This study aims to explore the correlation between insomnia and LBP, and further analyze the mediating role of modifiable risk factors between them. We hope to provide new insights and strategies for the prevention and treatment of insomnia and LBP through this study, thereby improving patients’ quality of life and social function.

Methods

Study design

We used MR method to study the influence of insomnia on LBP and the mediating effect of modifiable risk factors. Initially, we employed the univariable mendelian randomization (UVMR) method to examine the causal relationship between insomnia and LBP, as well as the association between modifiable risk factors and LBP. Then, we identified modifiable risk factors causally related to LBP and conducted UVMR analysis with insomnia. Finally, potential intermediate factors were explored through multivariable Mendelian randomization (MVMR) analysis, and the mediating effects of these intermediate factors on insomnia and LBP were evaluated. When reporting the MR study, this study strictly followed the guidance of the STROBE-MR guidelines [19].

Data sources

Genetic associations related to insomnia are derived from the UK Biobank and 23andMe, with this analysis incorporating a large sample of 1,207,228 individuals of European ancestry, making it one of the largest genome-wide association studies (GWAS) on insomnia to date [20]. Genetic variation data for LBP are sourced from the FinnGen Consortium (https://www.finngen.fi), including 13,178 cases and 164,682 European ancestry controls. The diagnosis of these cases is based on the International Classification of Diseases criteria by the World Health Organization. Genetic instruments for smoking and alcohol consumption are derived from statistical data of large-scale publicly available genome-wide association meta-analyses [21]. Additionally, data related to BMI are sourced from a global survey of physical health involving 806,834 individuals of European ancestry.

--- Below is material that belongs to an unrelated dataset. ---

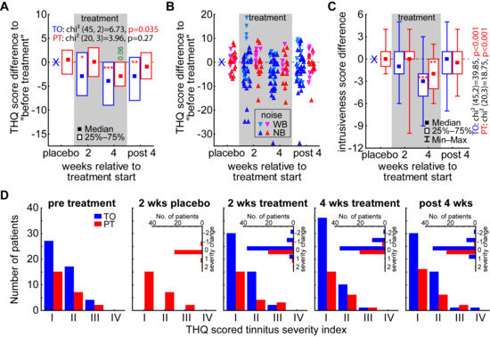 For the investigation of the efficacy of the LINTS treatment, we evaluated the THQ scores in general (global tinnitus severity) and in the five sub-scores over time (cf. Methods and Table 1). In the nonparametric statistical analysis of the global tinnitus severity score change by the Friedman ANOVAs (Figure 4A, Table 1) for both patient groups, we found a significant temporal change only in the TO patient group (p = 0.035), while the PT patients did not show a significant development over time (p = 0.27). When assessing the change in the global tinnitus severity relative to the pre-treatment levels by the Wilcoxon tests (Figure 4A asterisks, Table 2), we find this temporal effect in the TO patient group already starting after 2 weeks of treatment (−3 (−7, 2); p = 0.01), peaking at 4 weeks of treatment (−4 (−9, 0); p < 0.001), but staying significantly lowered up to 4 weeks after the end of the treatment (−3 (−8, 1); p = 0.009). In this case, the NB- and (AM-)optimized LINTS stimulation seems to be superior to the WB noise stimulation, as the most beneficial effects at these three timepoints can be found from that patient group and the more increased global tinnitus severity value changes showed up in the latter subgroup (Figure 4B). This fact becomes evident when Mann–Whitney-U tests are performed between the values of the global tinnitus severity change of the subgroups of TO patients, where at least the tendencies and one significant value for this difference can be found: 2 weeks of treatment U = 254.5, p = 0.04; 4 weeks of treatment U = 240.0, p = 0.10; 4 weeks post treatment U = 236.5, p = 0.05 (cf. also Figure 5). As described above, to investigate the benefit of the LINTS treatment in detail, we analyzed the THQ sub-scores on their temporal development (Table 1) and the effects at each timepoint (Table 2). As an example, for the beneficial effect of the treatment in both patient groups (TO and PT), we show the development of the tinnitus intrusiveness in Figure 4C. Here, both patient groups show comparable temporal effects, with the intrusiveness (maximal score: 16) dropping significantly after four weeks of treatment (TO: −3 (−2, −5); PT −2 (0, −4)). Nevertheless, this change does not seem to be stable, as it vanished after 4 weeks after the treatment. In the TO patient group, we find a significant benefit or trend for such a temporal development in 3 out of the 5 sub-scores (emotional and cognitive distress, tinnitus intrusiveness, and auditory perceptual difficulties; Table 1) and a significant benefit or trend in 11 of the 15 sub-score timepoints (Table 2), with beneficial effects in 4 out of 5 sub-scores in the long-term effect measurement 4 weeks after treatment (all except auditory perceptual difficulties). In the PT group, the 2 weeks of white noise seemed to have a hindering effect on the treatment, as only the intrusiveness showed this temporal pattern and somatic complains showed a trend for this. On the single timepoint level, the beneficial effects are also small, as we find a significant decrease in the score only in 4 out of 20 timepoints. This difference in treatment efficacy can also be seen in the change in the tinnitus severity index in both groups (Figure 4D). While patients in the PT group hardly showed any group shift to a lower index number after 4 weeks of treatment (2/24, 8%), in the TO group, 11 out of 48 (23%) moved their tinnitus severity ranking down at least one index number (with 5 patients reporting no more tinnitus percept during stimulation) and 8 of them stayed there even 4 weeks after the end of treatment.

BMI values were obtained through measurement of standing height and weight during the initial assessment center visit [22]. Data on T2DM, including 74,124 cases and 824,006 European ancestry controls, are sourced from a study by Anubha Mahajan et al. [23]. Table 1 summarizes the GWAS information studied.

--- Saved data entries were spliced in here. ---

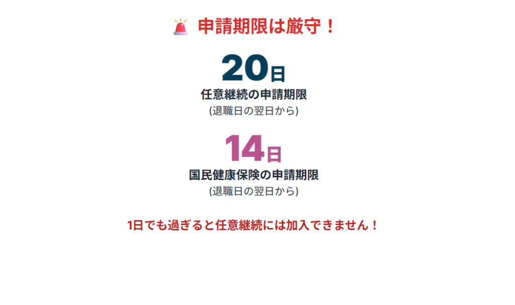 退職後の健康保険手続きにおいて、最も注意しなければならないのが申請期限です。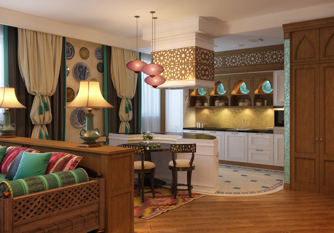 El diseño de la isla se ve bien en habitaciones divididas en zonas. Se trata de asignar un área de dormitorio con una cama, un área de recepción con un sofá y una mesa de café y un área de comedor con barra de bar.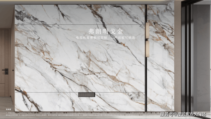 充分考虑业主的个性化需求,在电视背景板提供了新潘多拉、云中翡翠、弗朗明戈金三种结晶釉面岩板选择,成本更高,施工难度也更大。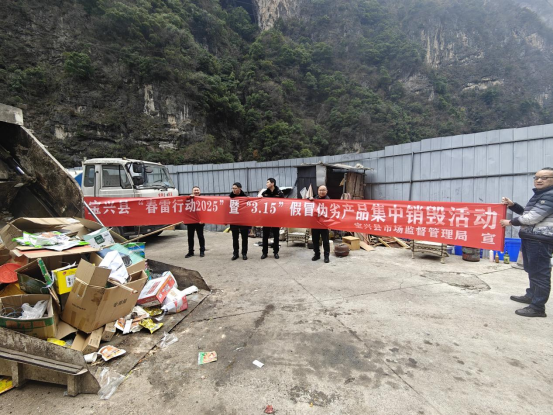 在2025年“3·15”国际消费者权益日来临之际,为深入开展“春雷行动2025”行动,严厉打击制售假冒伪劣产品等违法行为,营造辖区安全放心的消费环境,维护消费者的合法权益,3月13日,宝兴县市场监管局开展“春雷行动2025”暨“3·15”假冒伪劣产品集中销毁活动。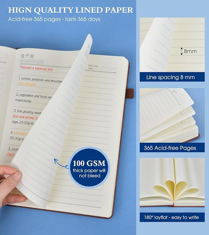 - 【365 Pages Premium Thick Paper】: Our PERCUN lined journal notebook is made of 365 pages high-quality 100Gsm thick ruled pager with an acid-free light Ivory paper that is thicker than normal. This premium quality paper will not cause bleeding, ghosting or smudging and is suitable for most types of pens,provides ample space for journaling, note-taking, and creative writing. The line spacing is 7mm, making it easy to write legibly and neatly.

Table 1 Summarized information for GWASs included
Full size table

Instrumental variable selection

Specific criteria were implemented for IV selection in MR analysis. These criteria include: (1) establishing significant genome-wide associations between IV and exposure (P < 5.00 × 10− 8), (2) clustering within a 10,000 kb window and minimizing linkage disequilibrium (R2 < 0.01), and (3) setting the minimum minor allele frequency (MAF) threshold to 0.01. We used the F-statistic to assess the strength of IVs, considering values greater than 10 as indicating a low probability of weak instrument bias [24]. The formula for calculating the F-statistic is as follows: F = ((N-2) * R2 / (1-R2)), where R2 signifies the extent to which the single nucleotide polymorphism (SNP) explains the exposure, and N denotes the sample size [24]. The calculation formula for R2 is as follows: R2 = 2 × MAF × (1 - MAF) × β2, where MAF denotes the minor allele frequency, and β represents the effect size of the exposure [25].

Statistical Analysis

Univariate MR analysis

In our study, we employed the inverse variance weighted (IVW) method as the primary method for univariable analysis. This technique utilizes a random-effects meta-analysis approach to combine results obtained from individual SNPs. To ensure consistency in the causal direction, we also conducted additional analyses using other methods, including MR Egger, weighted median, weighted mode, and simple mode, which should align directionally with IVW results to ensure the reliability of the findings. Additionally, we used the MR-Egger intercept to assess potential pleiotropy and Cochrane Q statistic to assess heterogeneity.

Multivariable MR analysis

MVMR analysis was utilized to explore the causal effect of insomnia on LBP risk mediated by modifiable risk factors. Initially, in UVMR analysis, we computed the overall causal effect of insomnia on LBP. Subsequently, we multiplied the estimates of the effect of insomnia on modifiable risk factors from UVMR analysis by the estimates of the effect of modifiable risk factors on LBP from MVMR analysis to obtain the indirect effect. Finally, the proportion mediated by modifiable risk factors was obtained by dividing the indirect effect by the total causal effect.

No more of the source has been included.